**PROBLEM TO WORK ON**
Find, in the records below, the line that contains "Glick Christmas Large" and the line that contains "完成江湖故事好学游僧后收到本". Copy those two lines and everything between them exactly, but not the pictures.
##### SUPPLIED DATA #####
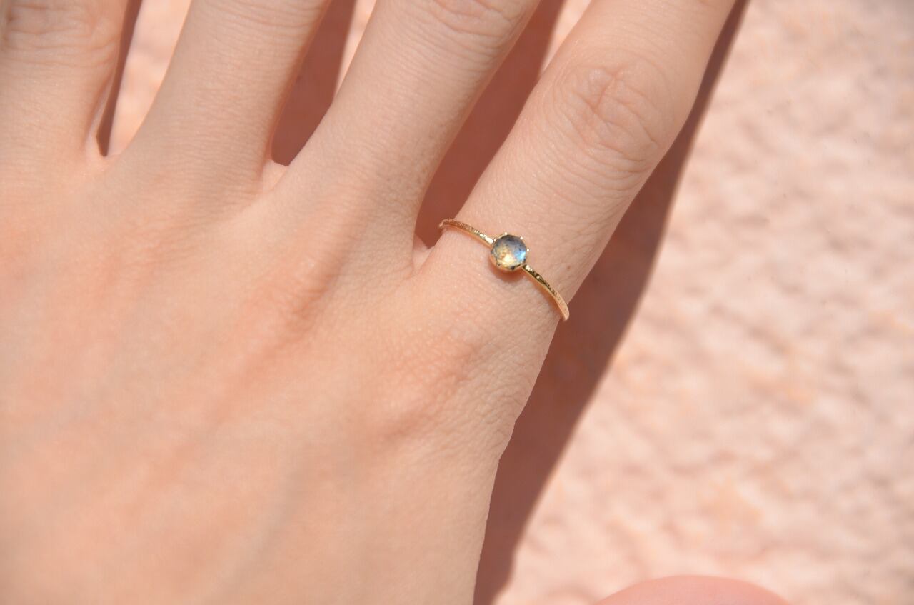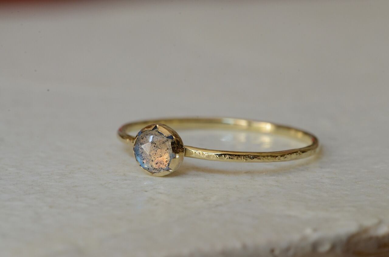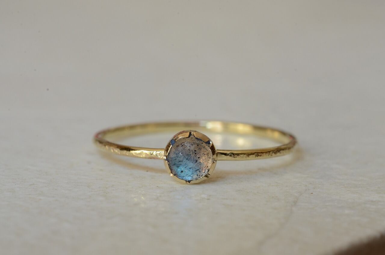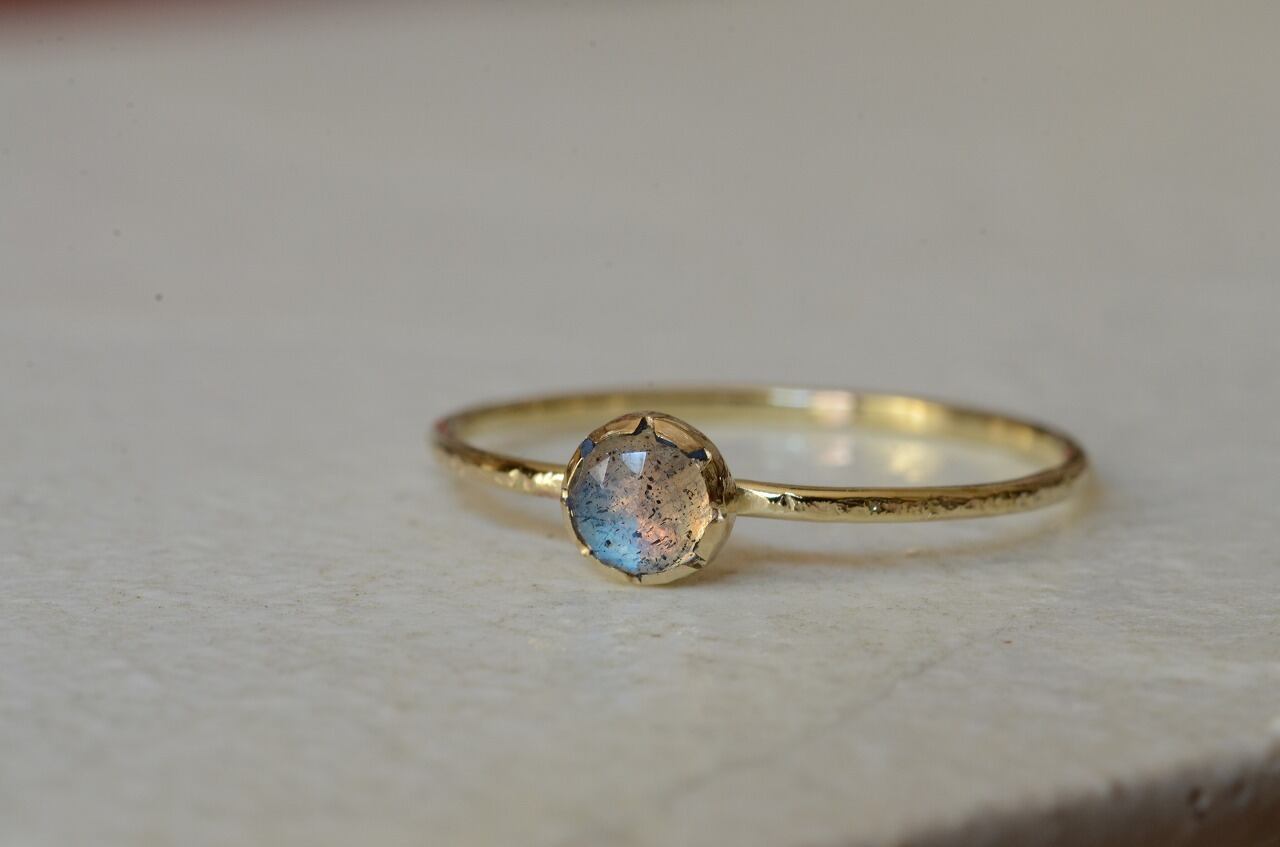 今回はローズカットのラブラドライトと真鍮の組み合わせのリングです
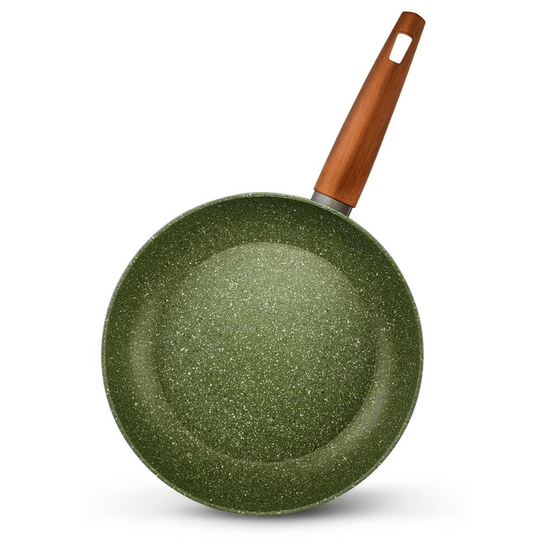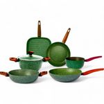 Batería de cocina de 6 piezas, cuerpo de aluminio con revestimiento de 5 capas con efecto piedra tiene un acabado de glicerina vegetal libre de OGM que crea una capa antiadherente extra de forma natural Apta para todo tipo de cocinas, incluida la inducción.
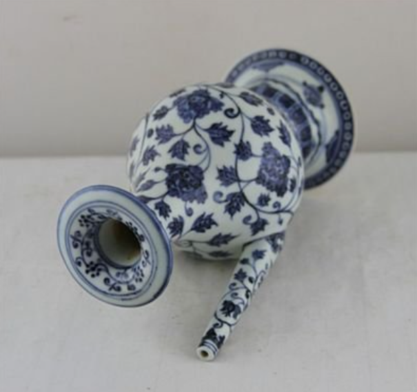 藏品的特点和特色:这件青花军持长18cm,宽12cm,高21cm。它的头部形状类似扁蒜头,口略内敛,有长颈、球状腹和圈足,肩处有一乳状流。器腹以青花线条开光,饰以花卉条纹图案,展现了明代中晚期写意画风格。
#####
##### SUPPLIED DATA #####
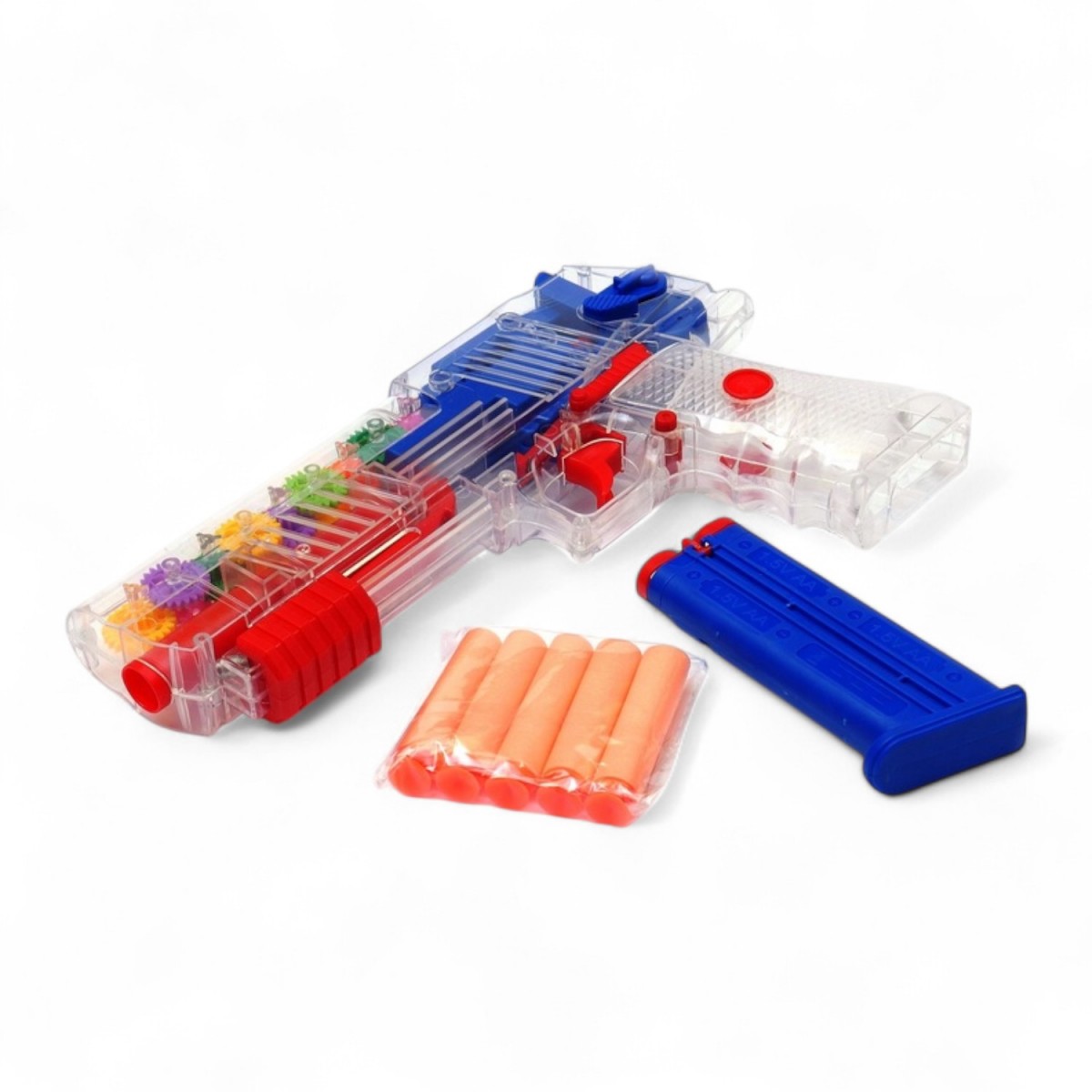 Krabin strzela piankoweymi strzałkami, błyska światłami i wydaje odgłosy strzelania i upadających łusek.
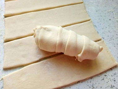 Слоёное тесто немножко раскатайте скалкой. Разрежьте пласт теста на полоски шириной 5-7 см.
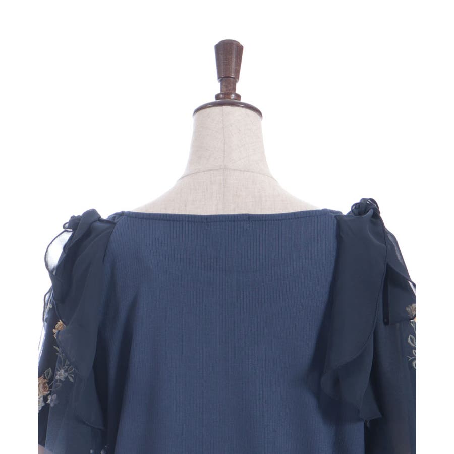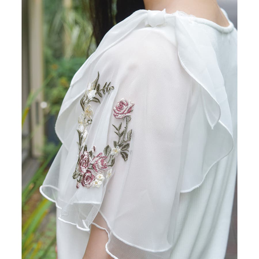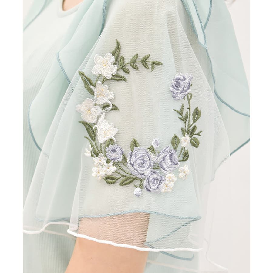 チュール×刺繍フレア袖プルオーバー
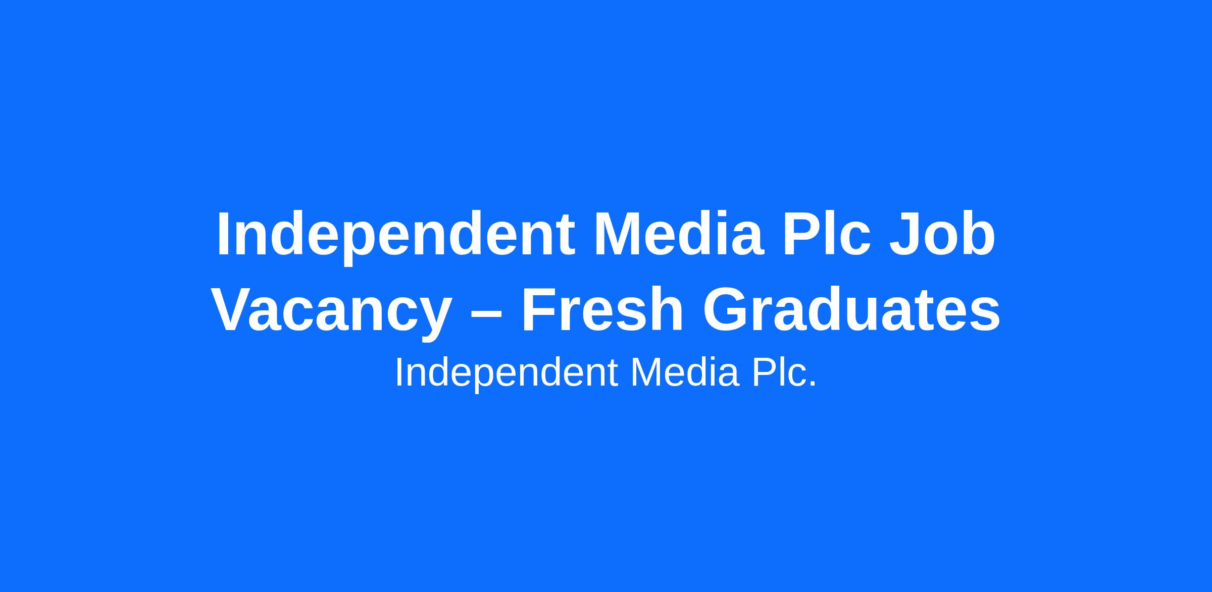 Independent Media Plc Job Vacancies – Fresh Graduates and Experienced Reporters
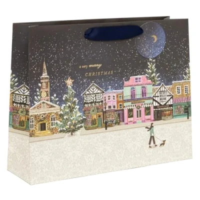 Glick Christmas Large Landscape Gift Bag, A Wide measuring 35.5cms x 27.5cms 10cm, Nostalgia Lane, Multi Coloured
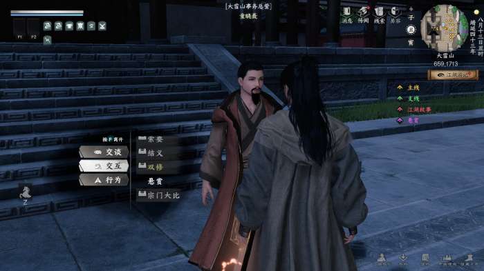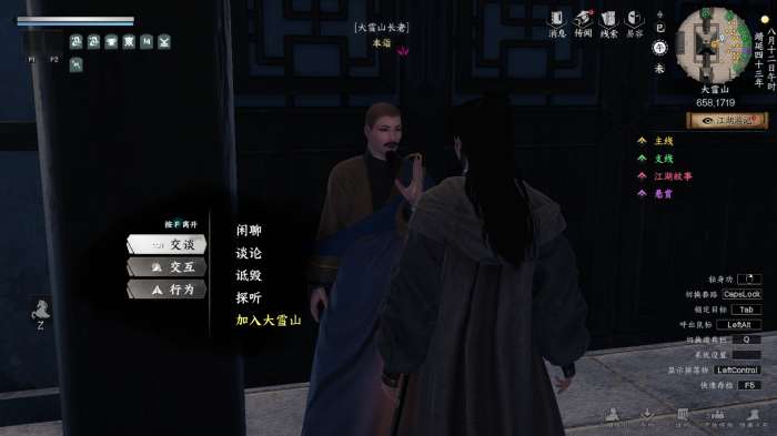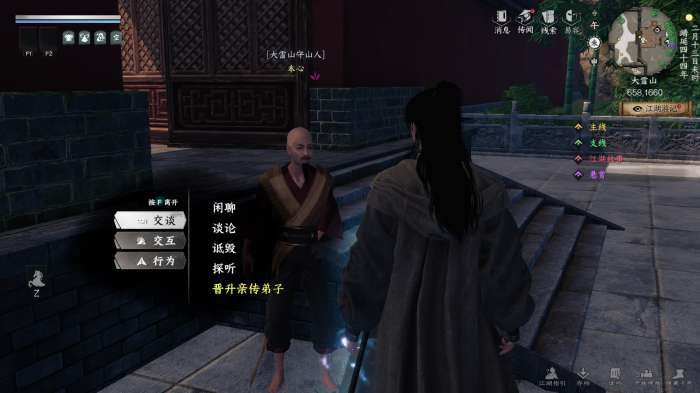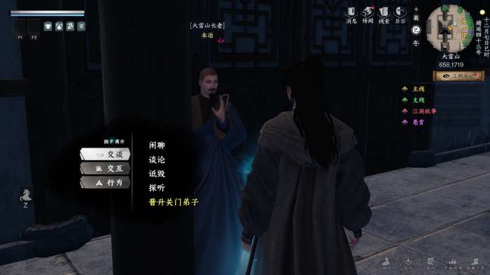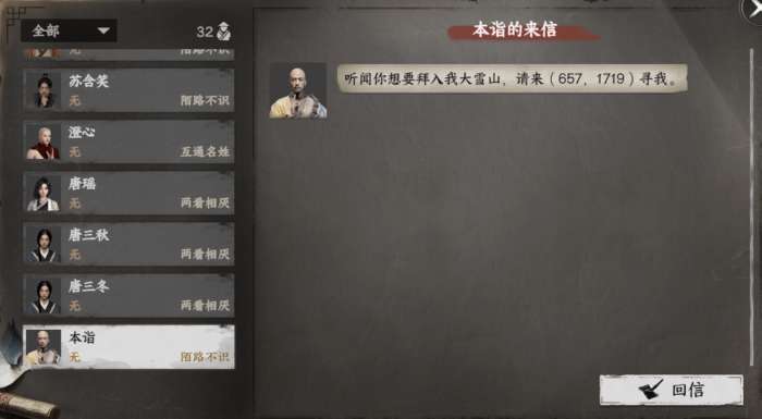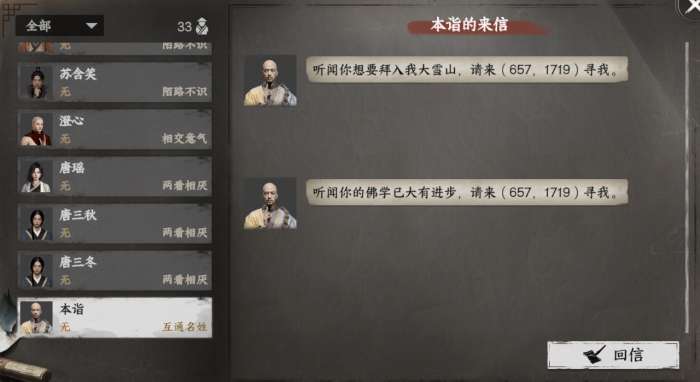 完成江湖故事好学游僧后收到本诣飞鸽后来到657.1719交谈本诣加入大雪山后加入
#####
**RESPONSE AREA**
 Glick Christmas Large Landscape Gift Bag, A Wide measuring 35.5cms x 27.5cms 10cm, Nostalgia Lane, Multi Coloured
 完成江湖故事好学游僧后收到本诣飞鸽后来到657.1719交谈本诣加入大雪山后加入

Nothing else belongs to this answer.